Она погрузила ладони в поток и внезапно охнула – такой ледяной оказалась вода в разгар жаркого лета. И невозможно чистой, без малейшей мути. Она обернулась к мужу, чтобы разделить с ним свой восторг – и поразилась неподобающе серьёзному выражению его лица.

- Вы счастливы, Анна Викторовна? – напряжённо спросил он, словно снова, в который уже раз его настигли знакомые - затонские ещё - сомнения.

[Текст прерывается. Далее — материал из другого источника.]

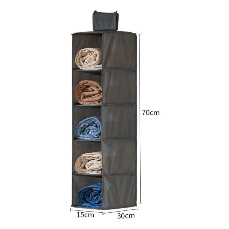 Con 70 cm de alto, 15 cm de ancho y 30 cm de profundidad, este organizador colgante aprovecha cada rincón del placard. Compacto pero sorprendentemente espacioso, te permite ordenar más en menos lugar y mantener todo siempre a mano. Ideal para sumar orden sin ocupar espacio en el piso.

Анна влажным платком промокнула царапину у него на лице и улыбнулась ему безмятежно:

- Я счастлива, Яков Платонович. Не сомневайтесь! Кажется, только сейчас я начинаю понимать, что такое счастье на самом деле.

- И что же это? – спросил он по-прежнему серьёзно.

- Я пока ещё не знаю, как это выразить. Но точно знаю, что счастье – это не то, что представлялось мне когда-то. – И поскольку он молчал, ожидая ответа, она продолжила. – Раньше мне казалось, что счастье выглядит так: вы и я – оба в красивых нарядах, танцуем. Но эта грёза всегда заканчивалась одним – я вас теряла. Видимо, потому что это было неправильно, не про нас.

Ладони Якова казались горячими, отогревая её заледеневшие от воды пальцы.

- А что про нас? – тихо спросил он.

Она засмеялась:

- Знаете, у нас в гимназии был старый учитель математики, мы его страшно любили. Он говорил: «Вот вам задача, её условия прекрасны. А дальше сами, сами!» Понимаете? Вот нам условия – целое Беловодье!

Он безмолвно кивнул, не отрывая от неё горячего взгляда.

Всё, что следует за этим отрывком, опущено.